FIGURE 8. Seed priming up-regulated ZmGA20ox1 (A), ZmGA3ox2 (B), ZmRGL2 (D), ZmGID1 (E) and ZmGID2 (F) expression and down-regulated ZmGA2ox1 (C) expression under chilling stress. Seed embryos were collected respectively at 0, 6, 24, 48, and 72 h after sowing, and six replications for each treatment at each sampling time were used. Different small letter(s) on the top of the bars indicated significant differences (p < 0.05, LSD) among treatments at the same time. Error bars indicated ± SE of mean (n = 6). For additional explanations, please see Table 1.
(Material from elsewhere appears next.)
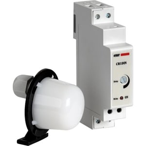 Interruttore crepuscolare in contenitore 1 modulo DIN con sonda esterna posizionabile a distanza. • Alimentazione: 230V AC 50/60 Hz • Sensibilità: 10 ÷ 100 lux • Uscita: 1 relè normalmente aperto 16A / 250V AC • Carico collegabile: - Lampade Incandescenza 2000 W - Lampade Fluorescenti 400 W
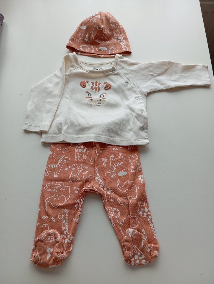 Uzun kollu, örgü dokulu bebek takımı. Pastel beyaz üstü sevimli hayvan baskılı, pastel desenli pantolon ve uyumlu şapka ile tamamlanmıştır.

The highest ZmGA3ox2 expression of NP+Cn was recorded at 48 h, which was significantly higher than NP+CS and other treatments (Figure 8B). Four priming treatments up-regulated ZmGA3ox2 expression compared with NP+CS. Seeds treated with SA, H2O2, and SA+H2O2 owned higher levels than those treated by HP from 6 to 48 h under chilling stress. And the significantly highest value was recorded in SA+H2O2+CS.
The ZmGA2ox1 expression in NP+Cn was always significantly lower than that in NP+CS from 6 to 72 h (Figure 8C). Four priming treatments increased ZmGA2ox1 expression after priming, which, however, decreased rapidly at the beginning of seed germination and significantly down-regulated as compared with NP+CS from 24 to 72 h. SA+H2O2+CS owned the lowest value among the four priming treatments.
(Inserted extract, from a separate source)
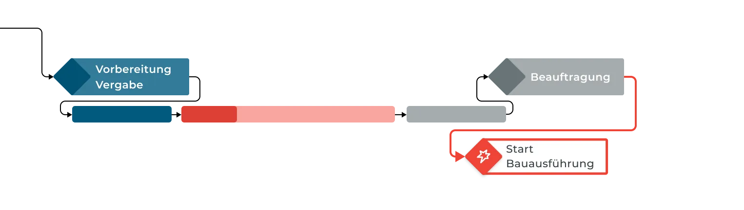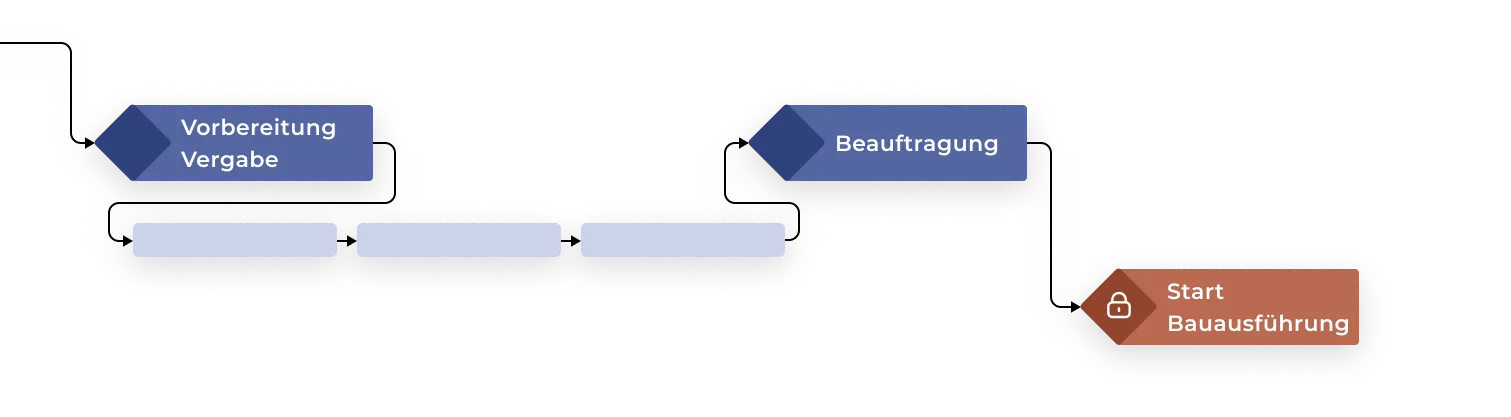 Phasenübergreifende Meilensteine mit Abhängigkeiten helfen Dir dabei, vom Baubeginn rückwärts zu planen und den Start der Vergabephase realistisch zu planen.

The ZmRGL2 expressions in NP+Cn and NP+CS stayed at low levels after priming (Figure 8D), the markedly highest level was showed at 24 h in NP+Cn which was about 22-fold higher than NP+CS and other treatments. The expression levels of ZmRGL2 were significantly up-regulated at the end of priming treatments as compared with NP+CS, but then decreased rapidly.
The ZmGID1 and ZmGID2 genes are two positive regulators to mediate GA signaling pathways. The maximum levels of ZmGID1 and ZmGID2 expressions in NP+Cn were observed at 48 h, which were, respectively, about 13-fold and 3-fold higher than NP+CS (Figures 8E,F). After four priming treatments, ZmGID1 and ZmGID2 expressions were significantly up-regulated as compared with NP+Cn and NP+CS at 0 and 6 h, respectively. Seeds treated with SA+H2O2, H2O2, and SA had higher ZmGID1 and ZmGID2 expression values than those treated by HP (at 48 and 6 h, respectively) and the highest value was recorded in SA+H2O2 under chilling stress.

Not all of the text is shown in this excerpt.